At times, it feels like you are driving through a Hollywood set while you sit cocooned in the hotel car driving through the crowded streets, horns blaring to avoid hitting cows, dogs, and street vendors. Motorbikes everywhere, it’s a cacophony of sounds, smells and chaos, but somehow it all works. The roads are in an appalling state as the rains have created potholes and washed away the surfaces.
Umaid Bhawan Palace is another impressive landmark for the city and is the current home of The residence of Maharaja Gaj Singh II. It was built by his grandfather Maharaja Umaid Singh in 1929 to counter a famine which had hit the state at the time. It was also known as the Chittar Palace while being constructed thanks to the use of stones drawn from the Chittar Hill. The palace was designed by HV Lanchester, a renowned British architect, and was completed in 16 years. Built with sandstone and marble, the architecture of the palace is described as a blend of lndo-Saracenic, classical revival and Western art deco styles. It is recognised as one of the largest private homes in the world and also one of the more spectacular buildings. It is the only palace built in the 20th century.
However all around the state there are royal palaces that you can visit and even stay in. I was invited to stay in a fort called Rohet Garh about 40kms from Jodhpur city centre. Totally anonymous you would never know it was there if you were not delivered or collected. Rohet Garh is a 29 bedroom boutique hotel based in Rohet village some 40kms from the centre of Jodhpur.
The owners of Rohet Garh also own and operate Mihir Garh, the Fort of the Sun out in the desert perhaps 40 minutes or so from Rohet Village. This is a luxury resort hidden away far from the madding crowds with just 9 magnificent suites. I hope to get invited to stay there next time I visit Rajasthan to experience the solitude and unrivalled luxury that the resort offers.

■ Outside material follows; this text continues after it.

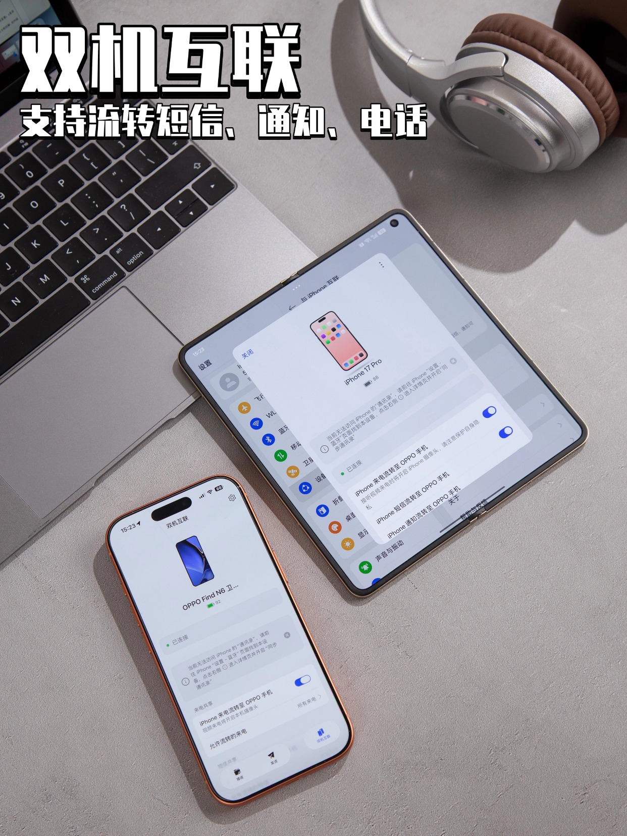 双机互联功能→连接成功后,我iPhone 16 Pro Max上的短信、通知以及电话都能实时流传到OPPO Find N6上,关键信息不用担心错过;OPPO互传→iPhone 16 Pro Max拍的照片、Live图、文件,都能一步互传到OPPO Find N6,且支持双端互传,出游导照片、办公传文件超方便。

There are 3/4 main seasons in Rajasthan summer which is so scorchingly hot that they close for 2 months in June and July, the rainy season which starts late July and runs to September and winter which I am told is warm sunshine during the day but the nights can get down to as low as 7C.
It was my first real foray into rural India but I loved it and I cannot wait to return to explore more. To meet the people and experience the sights, smells, sounds – a feast for the senses.